Margaret Mead was born on December 16, 1901 in Philadelphia, Pennsylvania, and was the oldest of four children. Her father was on the faculty of the Wharton School of Finance and Commerce and her mother a sociologist and early advocate of women's rights. Margaret graduated from Barnard College (the women's college affiliated with Columbia University) in 1923, majoring in psychology, and enrolled in graduate school at Columbia University. While in her senior year at Barnard, Mead took a course from Franz Boas, Columbia's professor of anthropology. His graduate teaching assistant, Ruth Benedict, persuaded Mead to switch to anthropology.

In 1923, Mead married Luther Cressman, a theology student. He remained in New York while she spent nine months studying local customs in Samoa in 1925-1926. She published her findings in 1928. Mead received her Ph.D. from Columbia University in 1929.

On the ship back to the US from Samoa via Europe, she fell in love with Reo Fortune, a psychologist from New Zealand who later shifted to anthropology. Mead divorced Cressman in 1928, married Fortune in the same year, and the newly married couple moved to New Guinea, where they spent several years studying child and adolescent development in the Manus cultures.

In 1935, Mead divorced Fortune and in 1936 married the English anthropologist Gregory Bateson. The couple spent four years, from 1936 to 1939, studying Indonesian cultures. Finally, in 1939, Mead fulfilled a long-standing dream and bore her first and only child, Mary Catherine Bateson, who also became an anthropologist.
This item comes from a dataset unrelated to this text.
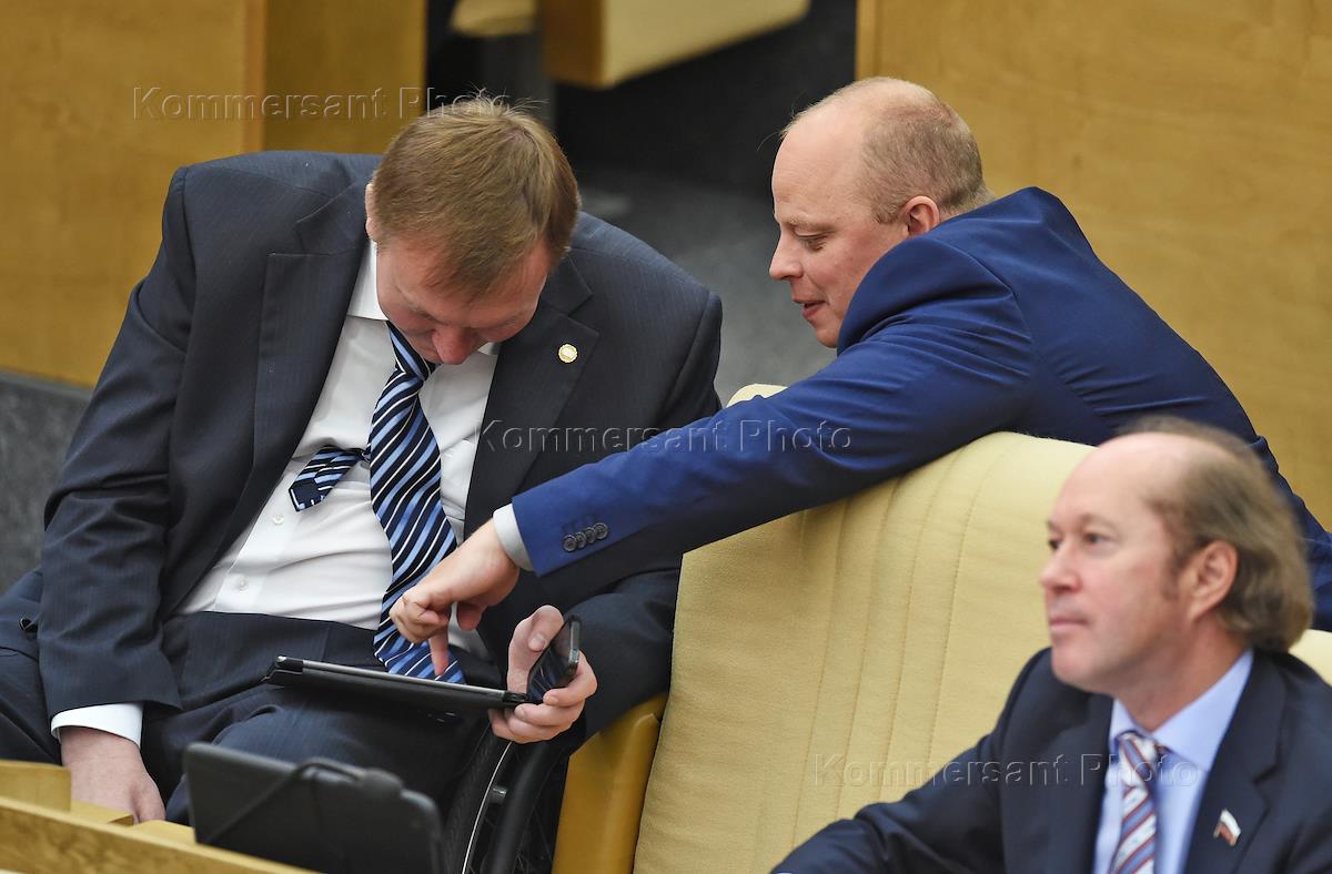 Заместитель председателя комитета Государственной думы (ГД) России по науке и наукоемким технологиям Михаил Дегтярев (слева) на пленарном заседании Госдумы России.

The couple divorced in 1950.

In addition to her three marriages, Mead also a close relationship with Ruth Benedict. They were professional collaborators who at times also shared an intimate sexual relationship. Despite marriages, affairs, and fieldwork that took them both to many different parts of the world, Mead and Benedict remained close over the 25 years until Benedict's death (Lapsley 2001). "Both Ruth and Margaret espoused free-love doctrines that called for sexual experimentation and prohibited jealousy, but both also believed in marriage and feared compromising their careers" (Banner 2003). This was not Mead's only close relationship with a woman. During a period of 17 years (1961-1978) Mead shared a house with Rhoda Metraux while the two of them co-authored a regular column for Redbook magazine.
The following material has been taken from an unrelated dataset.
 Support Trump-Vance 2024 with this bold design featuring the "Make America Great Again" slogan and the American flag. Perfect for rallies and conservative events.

Mead had a distinguished academic career. She had joined the American Museum of Natural History in New York City, as assistant curator, in 1926 and eventually served as its curator from 1961 to 1969. In addition, she taught at Columbia University, at New York University, Emory University, Yale University, and the University of Cincinnati. She founded the Department of Anthropology at Fordham University.

Mead received numerous honorary doctorates, and served as president of the American Anthropological Association, the Anthropological Film Institute, the Scientists Institute for Public Information, the Society for Applied Anthropology, and the American Association for Advancement in Science.

As a celebrity, Mead spoke out on a wide range of social issues including women's rights, parenting, racism, drug abuse, pollution, and war. She was an advocate of birth control, repeal of anti-abortion laws, and right to die legislation.

Did you know?
Margaret Mead firmly believed that human behavior was learned and so could be reshaped by a society determined to make changes for the better.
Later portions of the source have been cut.